Place undo tablespaces on storage with good random I/O performance (same class as data files).
Monitor growth; if you see one-off spikes due to maintenance jobs, schedule those during low-traffic windows.

7.5 Be careful with bulk operations

Large DELETE or UPDATE operations can generate massive undo and stress purge.

Use batched deletes/updates with explicit limits:

-- WARNING: Potentially destructive.
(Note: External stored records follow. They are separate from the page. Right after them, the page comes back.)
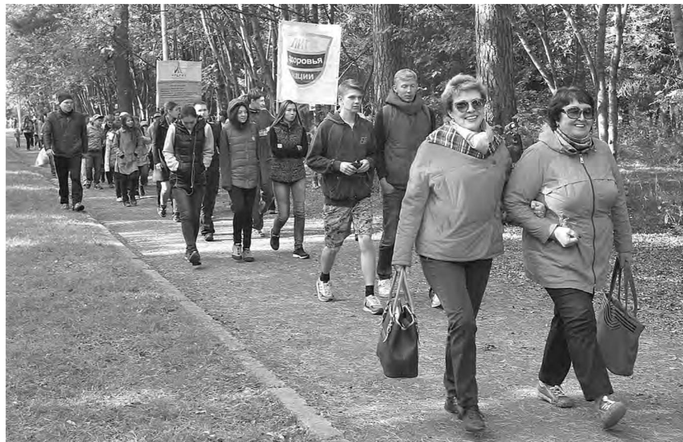
«10 000 ШАГОВ К ЖИЗНИ» – так называлось занятие, которое проводилось в Сосновом бору Кемерово в рамках одноименного проекта общероссийской общественной организации «Лига здоровья нации». Практический урок провел сертифицированный инструктор. Сначала была разминка, а затем ходьба. Цель проекта – профилактика сердечно-сосудистых заболеваний, формирование у населения культуры здорового образа жизни.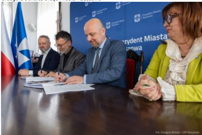
zdjęcie z podpisania umowy z firmą ABM Architektura Nieruchomości z Gliwic - wykonawcą szkoły na osiedlu Budziwój w Rzeszowie, fot. Grzegorz Bukała, Urząd Miasta Rzeszowa

Na rzeszowskim osiedlu Budziwój powstanie nowy budynek szkoły, w którym będzie mogło się uczyć aż 670 dzieci. Oprócz sal lekcyjnych będzie tam, także hala sportowa z trybunami, kuchnia z zapleczem i jadalnią, świetlice, mała sala gimnastyczna do zajęć fitness, siłownia.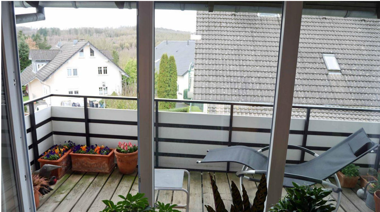
...Balkon mit Blick in die walddreiche Umgebung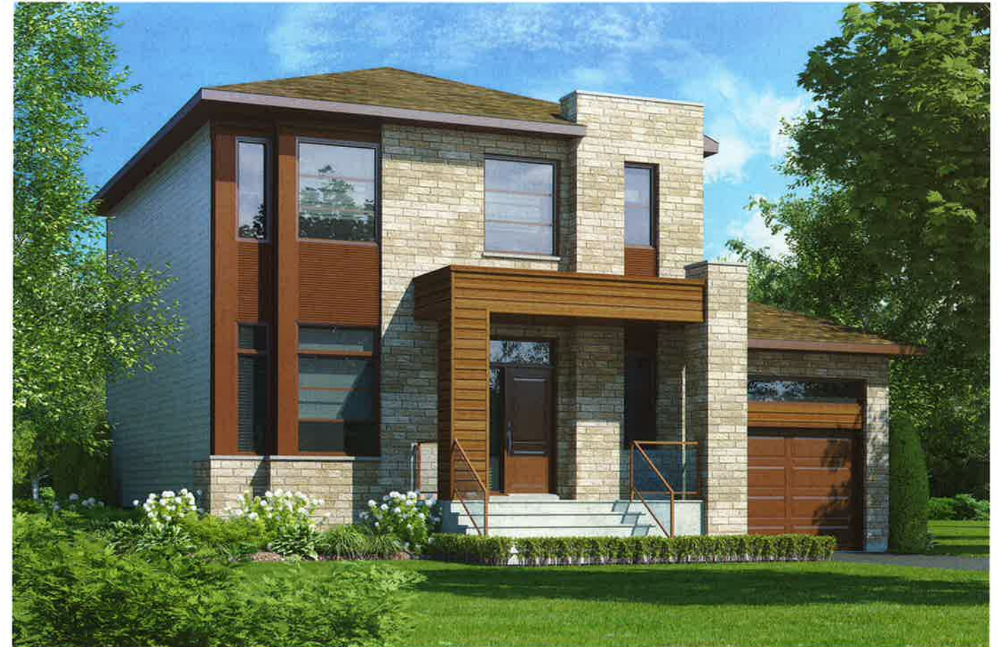
L'illustration ci-dessus peut inclure des items optionnels. Vous référer au plan intérieur pour les spécifications de base du modèle.

Option salle familiale au-dessus du garage (disponible avec standard 1SDB ou opt 2 SDB)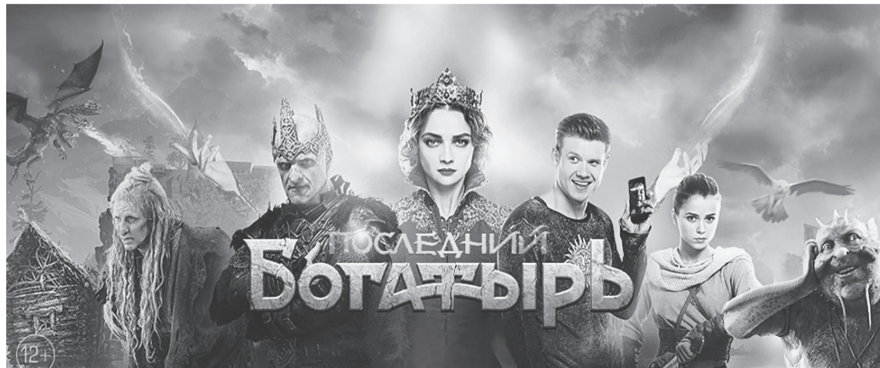
Телепремьера новой сказки «Последний богатырь», уже ставшей блокбастером, - 1 января в 20.30 на телеканале «Россия».

Накануне Нового года кинозрителей ждет еще одна значительная премьера - фильм «Движение вверх», снятый при участии телеканала «Россия 1».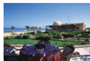
Modern und großzügig gestaltete Tauchbasis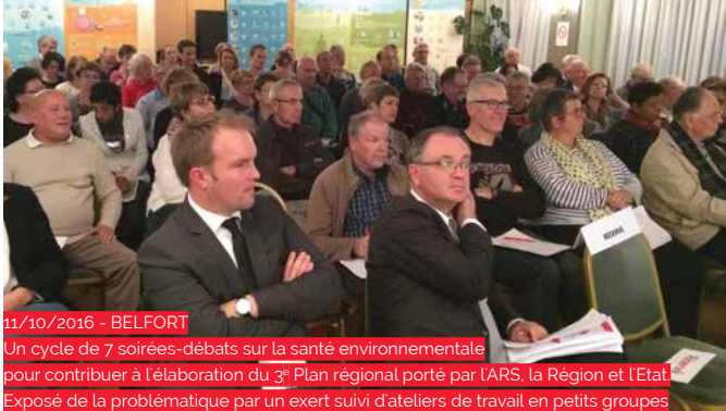
11/10/2016 - BELFORT Un cycle de 7 soirées-débats sur la santé environnementale pour contribuer à l'élaboration du 3 e Plan régional porté par l'ARS, la Région et l'Etat Exposé de la problématique par un expert suivi d'ateliers de travail en petits groupes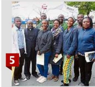
Besuch des Marktfests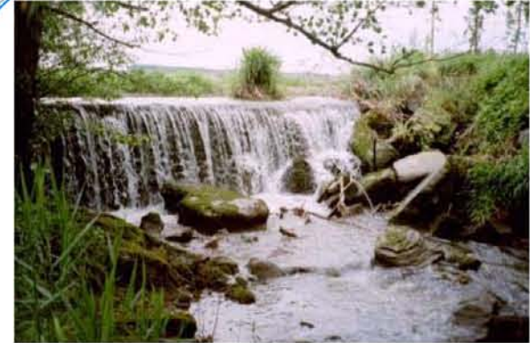
Wehr Sambach Ziel: Durchgängigkeit herstellen, Restwassermenge sichern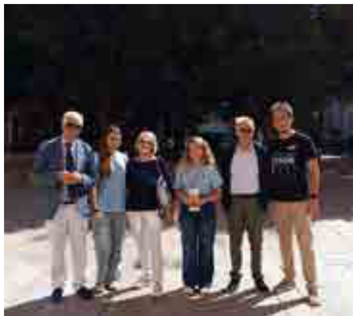
Il Rotary e l'Interact insieme ad accogliere i turisti visitatori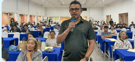
ประชาชนร่วมแสดงความคิดเห็น และให้ข้อเสนอแนะต่อโครงการ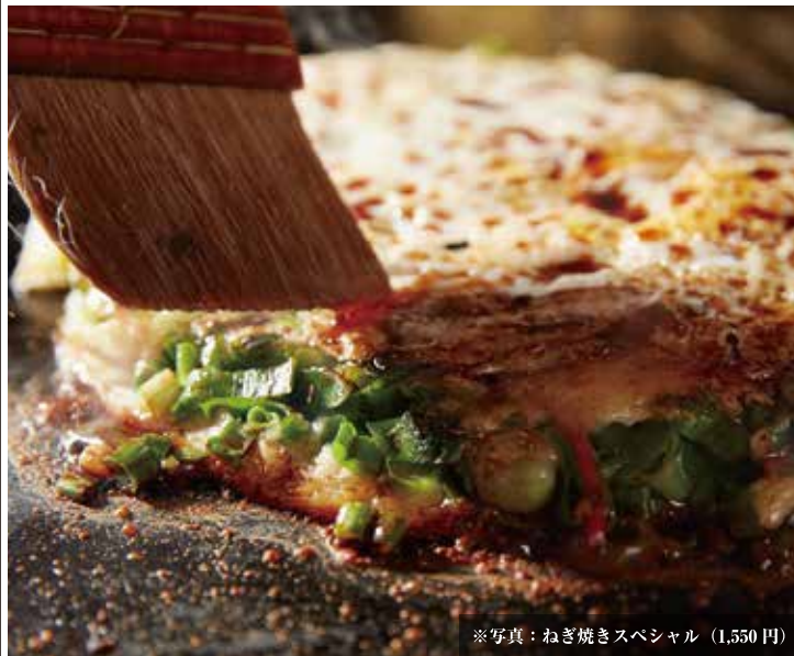
※写真：ねぎ焼きスペシャル (1,550円)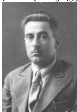
ლუკა ციხისთავი, 1935 წ.

ლუკა კი ქალიშვილის დაავადების ამბავს უკვე ციხეში გაიგებს, თუმცა, მხოლოდ 20 წლის შემდეგ, მასთან შეხვედრისას, ნახავს იმ მძიმე რეალობას, რომელთან პირისპირ აღმოჩნდნენ ნინა და პატარა ირაკლი, ლუკას დაპატიმრების დღიდანვე.

Test on non-production first.

SET @batch_size = 10000;
SET @rows_affected = 1;

WHILE @rows_affected > 0 DO
  DELETE FROM events
  WHERE created_at < NOW() - INTERVAL 90 DAY
  LIMIT @batch_size;
  SET @rows_affected = ROW_COUNT();
END WHILE;

Alternatively, perform bulk changes via partition management (dropping partitions) where appropriate.
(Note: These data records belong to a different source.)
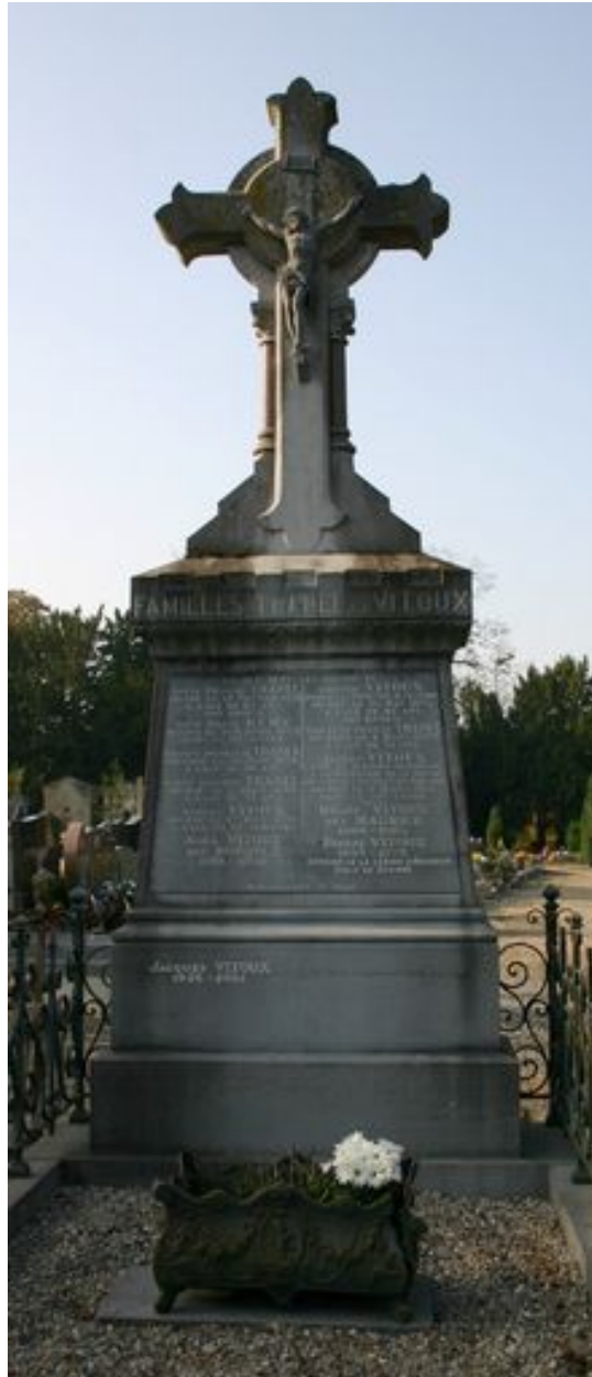
Stèle à croix.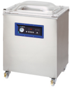
Envasadoras de pie por tiempo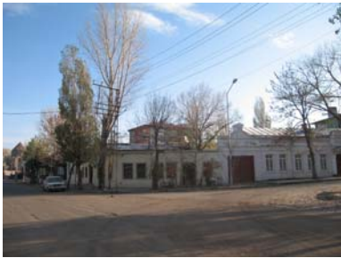
Foto.29- Bitişik düzendeki konutlardan biri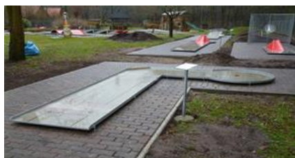
5 - ÚHEL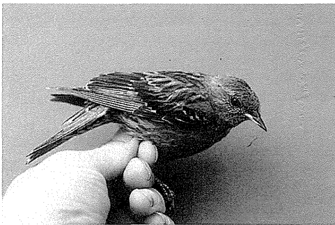
Alpejernspurv, Christiansø, 21. juni 1990.

Efter den overraskende iagttagelse fra Skagen 8.5 1988 (Olsen 1989) skulle landet altså igen gæstes af denne art.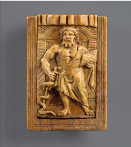
Römisches Arzneikästchen aus Elfenbein. Schiebedeckel mit Relief des Gottes Aeskulap. Zweitverwendung als Reliquiar, um 400.

Die malerische Altstadt von Chur, der ältesten Stadt der Schweiz, bezaubert Besucher. Wobei die Kathedrale St. Mariae Himmelfahrt, die oberhalb der Altstadt auf einem Felsrücken thront, zu den Sehenswürdigkeiten zählt. Gemeinsam mit dem Bischöflichen Schloss begrenzt sie bergseitig den Bischöflichen Hof. Das spätromantische Bauwerk gehört zu den Kulturdenkmälern von nationaler Bedeutung und wurde 1272, nach hundertjähriger Bauzeit, eingeweiht. Das denkmalgeschützte Gebäude repräsentiert nicht nur die Bischofsresidenz des Churer Diözesanbischofs sowie den Amtssitz des bischöflichen Officialats und der bischöflichen Kanzlei, sondern beherbergt auch ein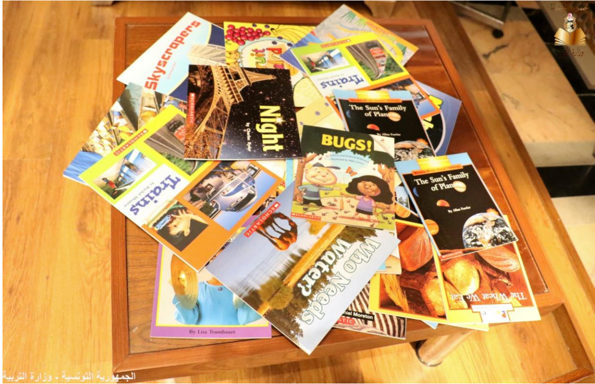
الجمهورية التونسية - وزارة التربية

8. Undo logs and replication

Undo logs are not replicated directly, but they influence replication behaviour:

On row-based replication, the slave applies row changes, generating its own undo logs.
If the slave has long-running transactions (e.g. reporting queries), purge may lag, increasing undo usage.
Heavy purge activity on the master can increase I/O load, indirectly affecting binary log flushing and replication delay.

Best practices:

Keep analytical/reporting workloads off the primary where possible (use replicas or dedicated analytics nodes).
Monitor INNODB_TRX on replicas as well; long reads there can also cause undo growth.
Ensure replicas have similar purge and undo configuration to avoid surprises.

9. Practical checklist

When you see growing undo tablespaces or MVCC-related performance issues, walk through this checklist:

Identify long transactions
- Query INFORMATION_SCHEMA.INNODB_TRX and resolve or terminate runaway sessions.
Inspect history length
- Use SHOW ENGINE INNODB STATUS to see if history list length is growing.
Review workload patterns
- Look for large bulk operations, periodic jobs, or new application features that increased write volume.
Evaluate purge configuration
- Consider modest increases to innodb_purge_threads and tune batch size.
Plan long-term layout
- Ensure undo tablespaces are on appropriate storage and sized for peak workloads.

This article offers general technical guidance. Validate all configurations in a safe environment before applying them to production.